Federal drug regulators are strengthening the warning labels for certain popular painkillers, including Advil, Aleve and other nonsteroidal anti-inflammatory drugs (NSAIDs), indicating that users may face an increased risk of heart attacks and strokes.
According to a drug safety communication issued by the FDA on July 9, both over-the-counter (OTC) and prescription strength NSAID medications will be required to carry the stronger warnings.
Some of the most widely used OTC painkillers are NSAIDs, such as Advil, Aleve and Motrin. These drugs already a black box label warning on heart attack and stroke risks, but the FDA will now require additional information on the label.
The NSAID heart warnings will include indication that the risk of heart attack and stroke can occur as early as a few weeks of using one of the drugs, and that risk may increase the longer NSAIDs are taken. Higher doses also appear to increase the health risks, the FDA warned.
The FDA found that NSAIDs can increase the risk of a heart attack or stroke in both patients who suffer from heart disease or carry heart disease risk factors, and those who do not. However, patients with heart disease or the risk factors appear to be at the greatest risk.

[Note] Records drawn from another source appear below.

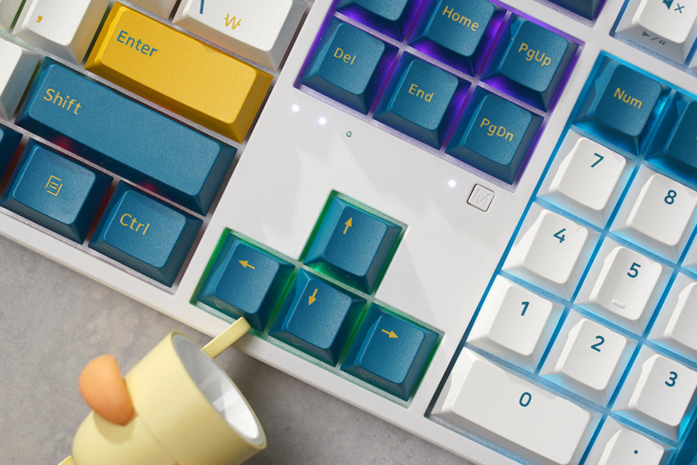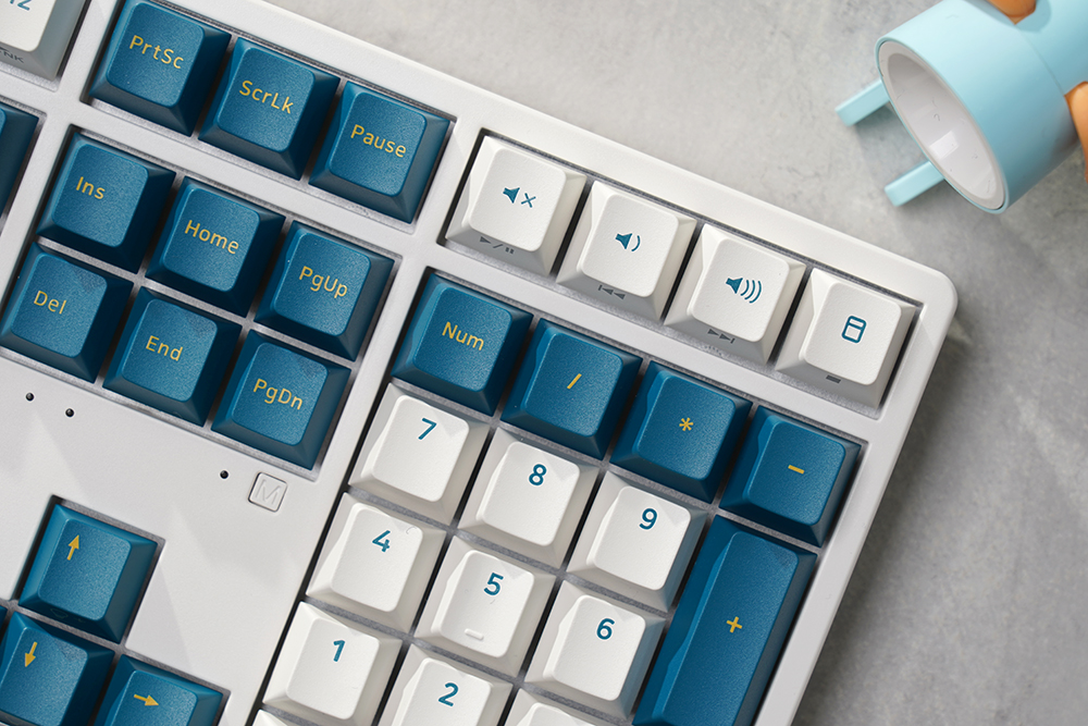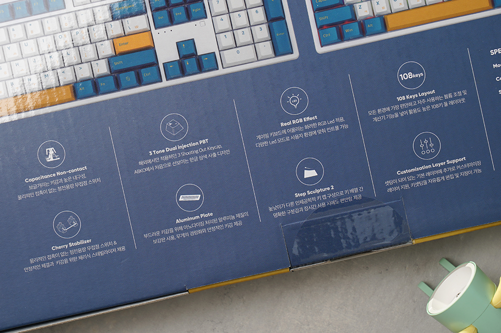앱코 KN20C 무접점 키보드에는 크림 베이지와 팁 옐로우 그리고 딥 블루로 구성된 삼색 사출 키캡이 적용되었습니다. 디자인적인 완성도가 높은 것은 물론이고 PBT로 제작되어서 손으로 만지는 느낌도 상당히 좋은 편입니다.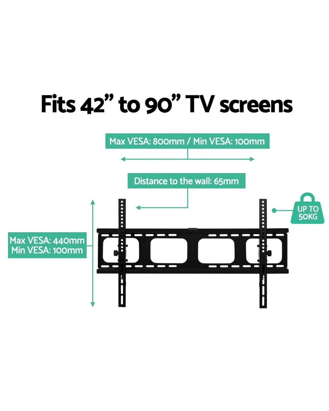 With universal compatibility with most major TV brands, our Artiss TV Wall Mount is designed to add a seamless touch to your entertainment set-up. Crafted in solid black powder-coated metal, the TV wall mount features a 1.5mm thick frame and has flexible mounting with various VESA measurements to firmly affix any TV screen from 42" to 90" wide. Plus, the wall mount features slimline brackets that sit closer to the wall and allows the TV to be tilted upwards or downwards of up to 150. In essence, this movement makes for easy access of cables behind the TV without losing that sleekness as well as setting your preferred viewing angle. Plus, the brackets also suit the standard Australian stud spacings of 600mm and 400mm found in most homes. Not least, a built-in safety bolt lock keeps the TV firm and steady at all times.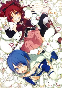 I just finished re-reading Planet Guardian, a manga which hardly anyone but me seems to know. (Even scanlations haven’t gotten past chapter 2.) It doesn’t have all that much influence on Magical Burst, but I like it a lot nonetheless. The main character is Koyuki Kisaragi, a girl who got magical girl powers from a little critter named Pirosuke. Five years later there’s been no sign of the alien criminals that were supposed to show up, and Koyuki just wants to study hard and get a cushy government job (and Pirosuke has gotten so fat that he’s spherical). When the first bad guy shows up, Koyuki goes to fight it only after massive badgering from her brother Itsuki, who berates her for failing to be a properly cute magical girl like in anime. When another magical girl shows up it’s Ririka Saotome (real name: Yoshiko Yamada), an abject psycho whose desire to be the center of attention is potent enough to break the fourth wall at times. There’s also a boy named Shizuku, who treats being a Guardian as a serious duty, at least once he gets over his older sister’s attempts to dress him up in weird outfits. The story is kind of random and aimless, but I really like the differing attitudes towards being a magical girl (or boy) on display, as well as how Koyuki’s attitude evolves over the course of the story as she starts to take the responsibility of protecting the world seriously. But anyway. I may see about ordering the Madoka Magica novel, though it’s apparently over 500 pages.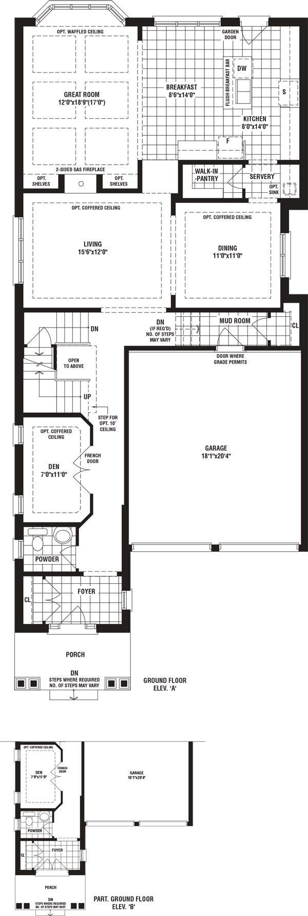 Materials, specifications, and floor plans are subject to change without notice. All house renderings are artist’s conceptions. All floor plans are approximate dimensions. Actual usable floor space may vary from the stated floor area. Number of steps on front elevation may vary depending on grade conditions. E. & O.E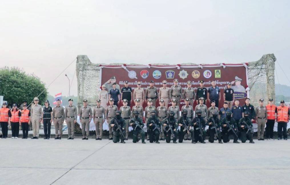 โดยมี พล.ต.ต.ธรรมนูญ เชาวะวนิชย์ ผบก.ภ.จว.สระบุรี พร้อมด้วย รอง ผบก.ภ.จว.สระบุรี, เจ้าหน้าที่ตำรวจ, ทหาร, สำนักงานป้องกันและบรรเทาสาธารณภัยจังหวัดสระบุรี, สำนักงานป้องกันและปราบปรามยาเสพติด ภาค 1, ฝ่ายปกครอง และอาสาสมัครป้องกันภัยฝ่ายพลเรือน จำนวนทั้งสิ้น 269 นาย รถยนต์ 46 คัน ร่วมพิธีฯ ณ ศูนย์ราชการจังหวัดสระบุรี

The agency believes that new information suggests that the risk is different depending on the drug. However, the information is not sufficient enough for the FDA to single out which NSAIDs carry the higher risk at this time, so FDA reviewers are not singling out any particular brand.
On a new consumer update page, the FDA warns consumers to avoid taking multiple NSAIDs at once, and warns that consumers may be unaware that some prescription drugs contain NSAIDs. The FDA urges consumers to check the labels of drugs they are taking to be aware of which contain NSAIDs to avoid accidentally increasing the risks.
All NSAIDs first received a boxed warning, the strongest label warning the FDA can require, on heart attacks and strokes in 2005. The new warnings come from more recent information showing that the risk can occur within weeks of first taking one of the drugs.
“There is no period of use shown to be without risk,” Dr. Judy Racoosin, deputy director of FDA’s Division of Anesthesia, Analgesia, and Addiction Products, said in the consumer update. “Everyone may be at risk — even people without an underlying risk for cardiovascular disease.”